I drifted slowly into dreamland wondering what the night would bring.



I enjoyed the read, Hal. You brought the scenes alive and got across the frienship thing really well. Look forward to more of the same.

jen


----------



## musichal (Jul 17, 2015)

Thanks for the thoughtful critique, Jen.  I agree with almost all your observations, and will certainly take them into account when I revise.  However, I will reserve the right to use "upon" since the character is me, and I do often use it.  So even though it may sound out of character, it isn't, LOL.  Not a regional thing, just a Hal thing. 

Now the sentence beginning "Suddenly my heart..." which you quite generously described as a bit clichéd and a little literary, would easily qualify as "remarkably awful" and "downright ugly" for my money.  I just can't thank you enough for pointing it out to God, and everybody.  LOL.  Whew, it reeks. I'll have to get to that one soon.
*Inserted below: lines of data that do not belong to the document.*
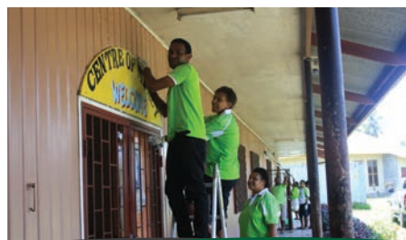
BSP Lae Market Branch cleaned up Family Support Centre
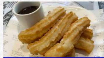
CHURROS CON TSOKOLATE P199
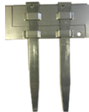
Galvanized finish Joining 2 lengths
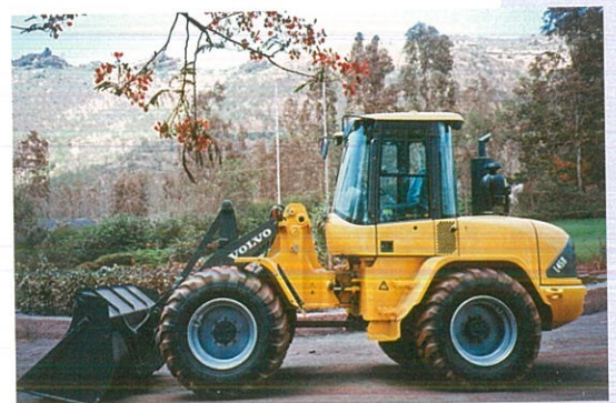
View of 2 Wheel Loaders
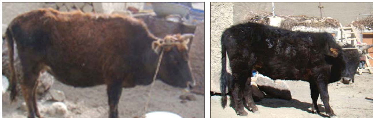
Fig. 2. Typical Ladhaki Cow and Typical Ladhaki Bull

The churpi and butter made up of yak milk is quite popular amongst nomads and local Ladakhi people. Apart from source of quality milk, yak is also reared for hair fiber. Additionally, its utility as a pack animal for snow-bound areas has also been widely recognized. Apart from Ladakh, the yak population in India is also present in Sikkim, Arunachal Pradesh and Himachal Pradesh. In addition to pure yak, yak-cattle hybrids
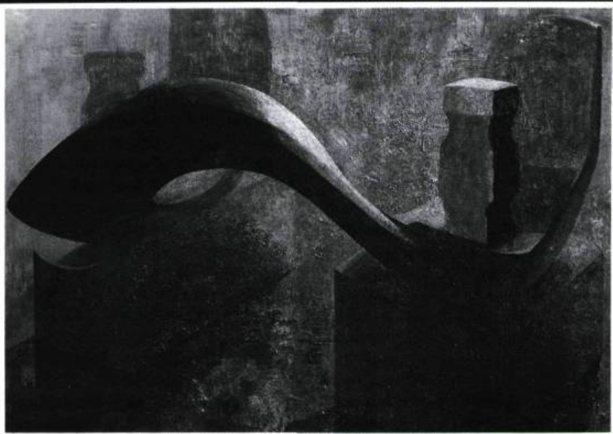
Loraine Simms, Duo-Conoylar Knee Prosthesis, 1992. Oil on canvas; 142 x 196 cm.

Parti Pris Peinture, Galerie de l'UQAM, Montreal. March 4 - 28, 1993 Le Cénacle, Belgo Building, Montreal. February 24 - March 20, 1993
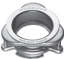
Polished Stainless Steel Mounting Assembly For models 56, 66, EVO100, EVO200 and SEPTIC2000 Product Code: IP3173ED
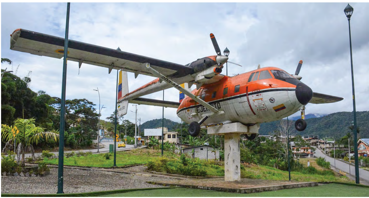
In October 2014, the two booms of IAI201 AEE-203 were seen at Rio Amazonas and the spotters were told the aircraft itself was to be preserved in Zamora. As it turned out, it was in the village of Cumbaratza that it found its last resting place. The Arava had to make do without its wings for a couple of years but nowadays they have been mated with the plane again and it received a new white and orange paint job, in lieu of its old camo jacket. (Cumbaratza, 14 June 2020, Alcivar Lupercio)
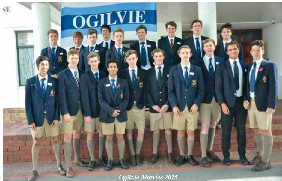
Ogilvie Matrics 2015

In addition to our performances as a group,
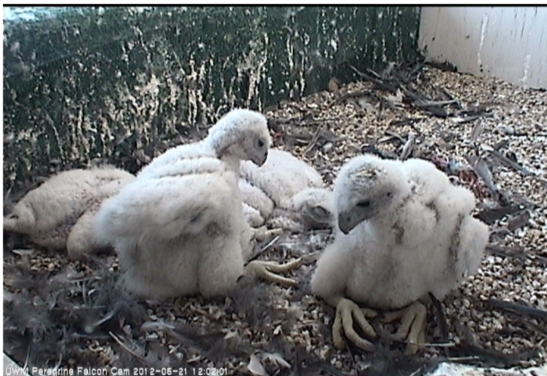
5-21-2012 - Big feet = Big bird.
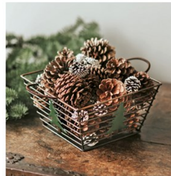
Cone Gift Basket
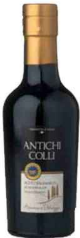
Balsamic Vinegar of Modena PGI "Invecchiato" 250ml

Antichi Colli is a family-owned company that produces exceptional condiments. All the vinegars of the line are vegan and can be used to produce many classic and innovative combinations, especially in the modern creative cuisine.
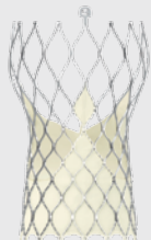
Evolut R 26 mm Valve

Again, thanks for both your time and your comments.

[I think it fixed now.]


----------



## jenthepen (Jul 17, 2015)

musichal said:


> Now the sentence beginning "Suddenly my heart..." which you quite generously described as a bit clichéd and a little literary, would easily qualify as "remarkably awful" and "downright ugly" for my money.  I just can't thank you enough for pointing it out to God, and everybody.  LOL.  Whew, it reeks. I'll have to get to that one soon.



lol. You're such a HARSH critic, Hal. That sentence isn't _bad_ I just thought it jarred in this piece a little. And the _upon_ thing - yeah, hard to be 'out of character' with yourself. 

Are you building up a collection of these pieces as an autobiography?


----------



## Saeria (Jul 18, 2015)

A truly enjoyable read. You captured my attention at Led Zepplin (I'm kind of an obnoxious Robert plant fan girl). It sounds like a very similar story my dad told me about his younger days, except it wasn't a police car, it was a jeep from the military base. They decided to pick up some girls and drive it around a local racetrack until they flipped it and took off. I really enjoyed the voice you used to tell this story, had a good South Carolinian hippie tone so it was easy to imagine my dad telling it. I desperately want to say the ending fell a little flat as it was so abrupt, but upon further consideration I think it was the best way to end it.


----------



## musichal (Jul 18, 2015)

jenthepen said:


> lol. You're such a HARSH critic, Hal. That sentence isn't _bad_ I just thought it jarred in this piece a little. And the _upon_ thing - yeah, hard to be 'out of character' with yourself.
> 
> Are you building up a collection of these pieces as an autobiography?



Mom would be so proud.  Sort of a scattered in the WF forums spotty autobiography, sure.  Compliments my nursing stories in the Living Room, don't you think (that was a shameless referral?).  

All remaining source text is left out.